#### What the task asks
Make an exact transcript of the lines in the data below, starting with the one containing "Sitting room with" and going on through the one containing "Новинка коллекции Modika", with both included and the pictures left out.

Recorded data
^^^^^^^^^^^^^^^^

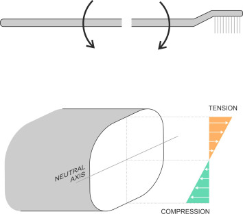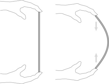 To round off this topic we’ll turn briefly to two other types of structural failure: failure in compression and failure in bending. Let’s admit first that there is no such thing as a ‘compression failure’, at least not in the same sense as the tensile failure described above – there is no direct analogue. The reason is that when subject to an increasing compression load, a strut of the kind that you’ll find in a ship’s hull or an aircraft fuselage won’t squeeze like molasses into a shapeless lump: instead, it will buckle. The mathematics of buckling is beyond our scope here, but we can get an intuitive sense of what happens by picturing the behaviour of an everyday object under load. Here, the problem is not the strength or weakness of the material as such, but rather the geometry of the member. If you press together the ends of a plastic ruler with increasing force as shown in figure 14, it will resist until the load reaches a critical value, when the ruler suddenly bends into a ‘U’ shape. Like a vaulter’s pole, if the material is sufficiently resilient it will return to its original shape when you let go. A less springy material will snap in the middle or bend permanently out of shape.
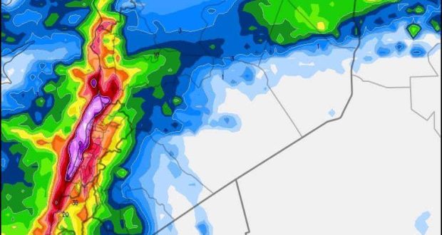 - محافظة طرطوس وريف حماة الغربي: تكون الهطولات مطرية متوسطة إلى غزيرة حتى صباح الخميس، مع ميل الفعالية الجوية للتراجع اعتباراً من ساعات الصباح.
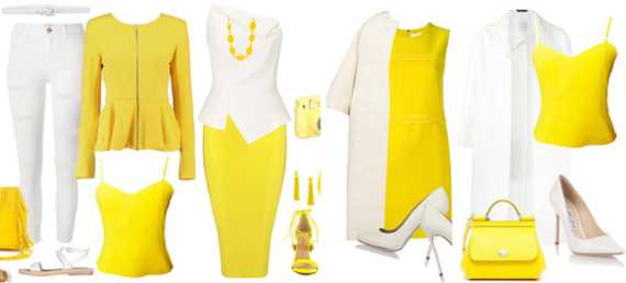 Бело-лимонный в одежде несет в себе ощущение свежести и света. Смотрится женственно и элегантна. Поддержать пару смогут только золотые вещи.
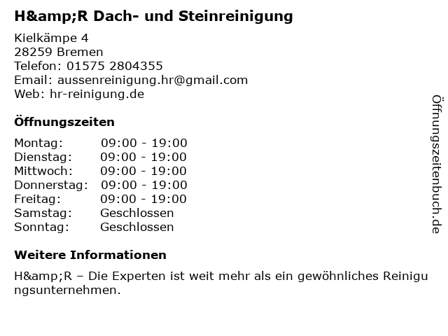 | Öffnungszeiten H&R Dach- und Steinreinigung in Bremen anzeigen | |
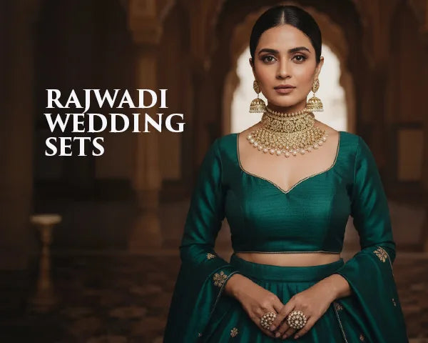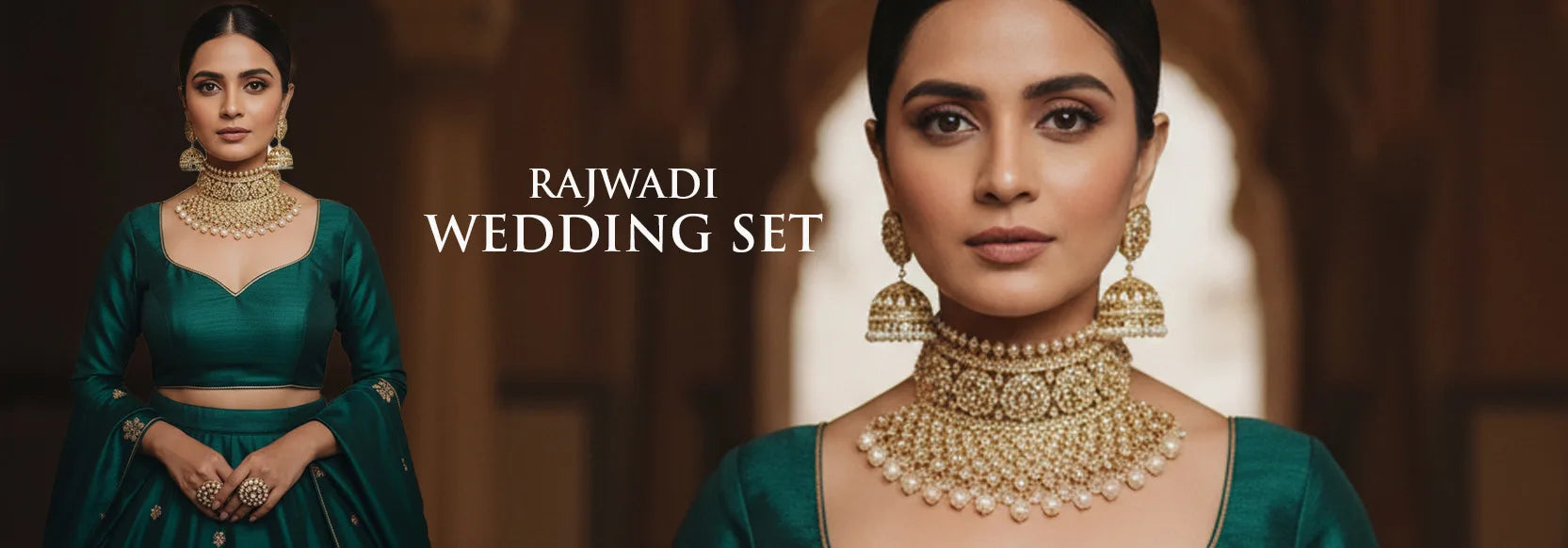 Ishhaara holds a wide range of Rajput bridal jewellery. Some of the popular and premium styles of rajputi jewellery sets include the Rajwadi Choker Set, Rajwadi Full Bridal Set, Rajwadi Pendant Necklace Set, Rajwadi Long Necklace Set, Rajwadi Chooda, and Rajwadi Short Necklace Set.
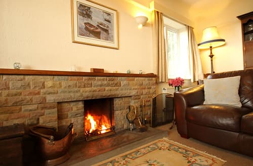 Sitting room with sea views, open fireplace, Smart TV, and DVD and CD players.
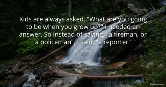 Kuralt, Charles. "Kids are always asked, "What are you going to be when you grow up?" I needed an answer. So instead of saying, "a fireman, or a policeman", I said, "a reporter"." FixQuotes. February 16, 2026. https://fixquotes.com/quotes/kids-are-always-asked-what-are-you-going-to-be-139570/.
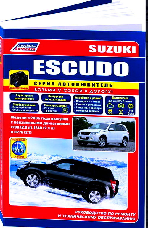Подробное справочно-информационное иллюстрированное пособие инструкция по ремонту Сузуки Эскудо, устройство Сузуки Эскудо, руководство по эксплуатации и техническому обслуживанию Сузуки Эскудо с 2005 г. выпуска. Эти полноприводные внедорожники оборудуются бензиновыми силовыми агрегатами J20A, J24B и H27A рабочим объемом соответственно 2,0, 2,4 и 2,7 л. Ремонт Suzuki Escudo. Инструкция по эксплуатации. Устранение неисправностей. Диагностика, устройство, электросхемы.
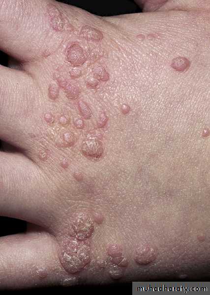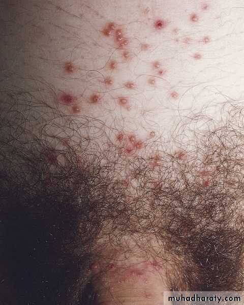 • Common sites of involvement are face in children and pubic area and genitals in adult.
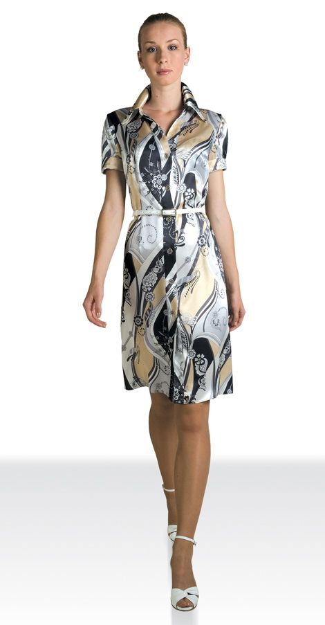 Новинка коллекции Modika - летнее платье в изящном рубашечном" крое с застежкой на пуговицы по всей длине модели. Приталенный силуэт модели, выполненной в прямом крое, придает изящный белый поясок, который создает мягкий контраст основному фантазийному абстрактному принту. Короткие рукава "отстрочены" манжетами, отложной воротник изящно переходит в v-образный вырез. Удачный выбор, как для делового, так и повседневного гардероба.
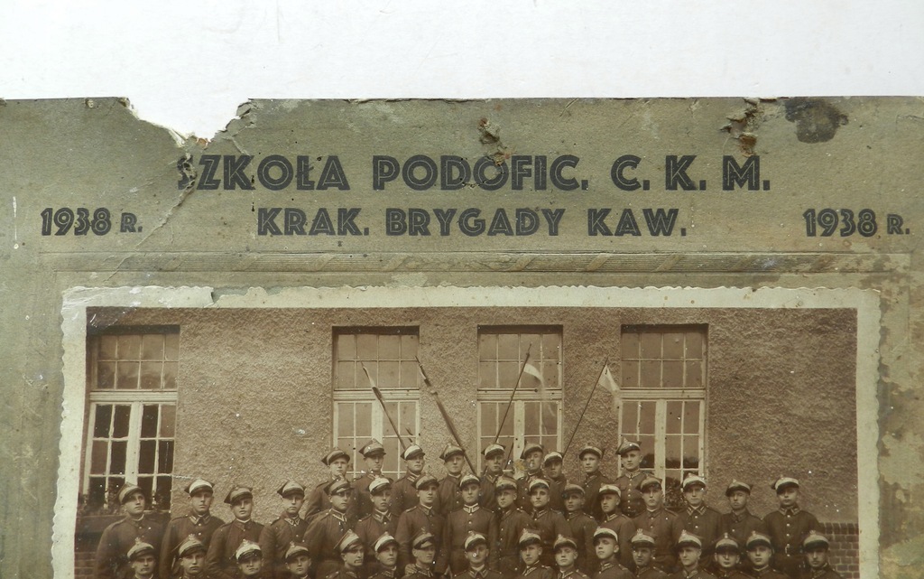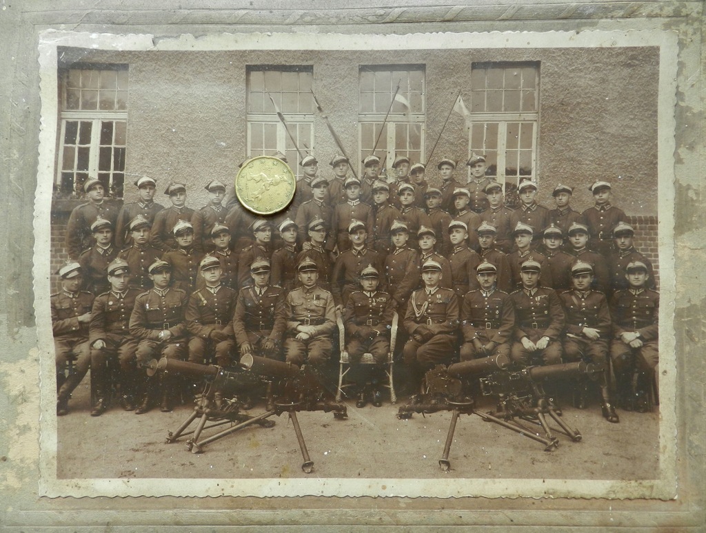 Przedmiotem licytacji jest oryginalna fotografia z 1938 roku przedstawiająca elewów Szkoły Podoficerskiej C.K.M. Krakowskiej Brygady Kawalerii wraz z kadrą dowódczą. Widoczni ułani, strzelcy konni oraz oficerowie z: 3 pułk Ułanów Śląskich w Tarnowskich Górach, 8 pułk Ułanów Księcia Józefa Poniatowskiego w Krakowie oraz 5 pułk strzelców konnych w Dębicy i Tarnowie. W środku na wiklinowym krześle siedzi dowódca 8 PU pułkownik kawalerii Kazimierz Mastalerz, na lewo od niego w jasnym mundurze siedzi dowódca 3 PU podpułkownik kawalerii Czesław Chmielewski. Zdjęcie duże, naklejone na passe partout. Wymiary przyciętej tekturki ok.:30x26 cm., wymiary fotografii ok.:23x17 cm.. Sygnowane suchą pieczęcią fotografa: "Gruszka Tarnowskie Góry Krakowska 8". Stan zachowania widoczny na zdjęciach. Polecam, bardzo ciekawa fotografia z mnóstwem detali.
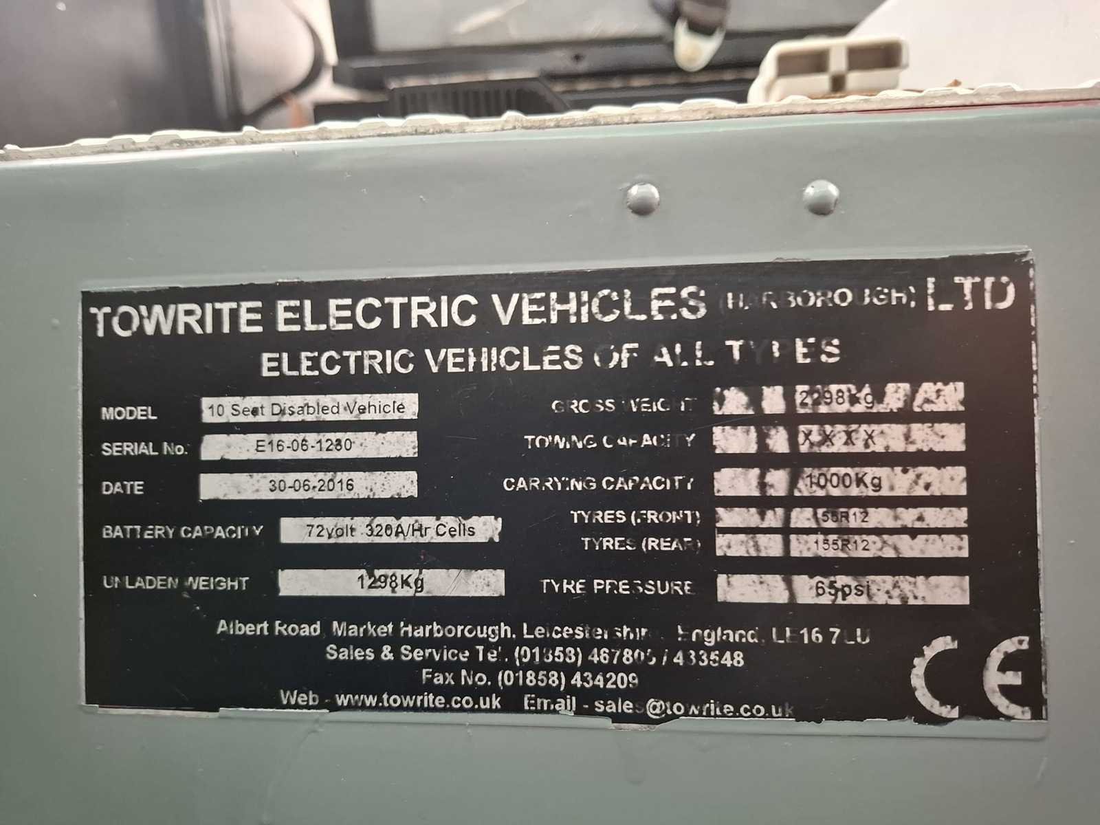 Geen sleutel aanwezig, niet rijdend, lader is niet getest. tellerstand niet afleesbaar. Nee Merk: Towrite Type: 10 Seat disabled vehicle Bouwjaar: 2016 Chassisnummer VIN: E16-06-1280 Automaat: true Brandstof: Elektrisch Emissieklasse: A Aantal personen: 10 Totale afmeting L: 530cm Totale afmeting Breedte: 150cm Totale afmeting Hoogte: 210cm Ledig gewicht: 1298

^^^^^^^^^^^^^^^^

#### Exercise response
 Sitting room with sea views, open fireplace, Smart TV, and DVD and CD players.
 Kuralt, Charles. "Kids are always asked, "What are you going to be when you grow up?" I needed an answer. So instead of saying, "a fireman, or a policeman", I said, "a reporter"." FixQuotes. February 16, 2026. https://fixquotes.com/quotes/kids-are-always-asked-what-are-you-going-to-be-139570/.
Подробное справочно-информационное иллюстрированное пособие инструкция по ремонту Сузуки Эскудо, устройство Сузуки Эскудо, руководство по эксплуатации и техническому обслуживанию Сузуки Эскудо с 2005 г. выпуска. Эти полноприводные внедорожники оборудуются бензиновыми силовыми агрегатами J20A, J24B и H27A рабочим объемом соответственно 2,0, 2,4 и 2,7 л. Ремонт Suzuki Escudo. Инструкция по эксплуатации. Устранение неисправностей. Диагностика, устройство, электросхемы.
 • Common sites of involvement are face in children and pubic area and genitals in adult.
 Новинка коллекции Modika - летнее платье в изящном рубашечном" крое с застежкой на пуговицы по всей длине модели. Приталенный силуэт модели, выполненной в прямом крое, придает изящный белый поясок, который создает мягкий контраст основному фантазийному абстрактному принту. Короткие рукава "отстрочены" манжетами, отложной воротник изящно переходит в v-образный вырез. Удачный выбор, как для делового, так и повседневного гардероба.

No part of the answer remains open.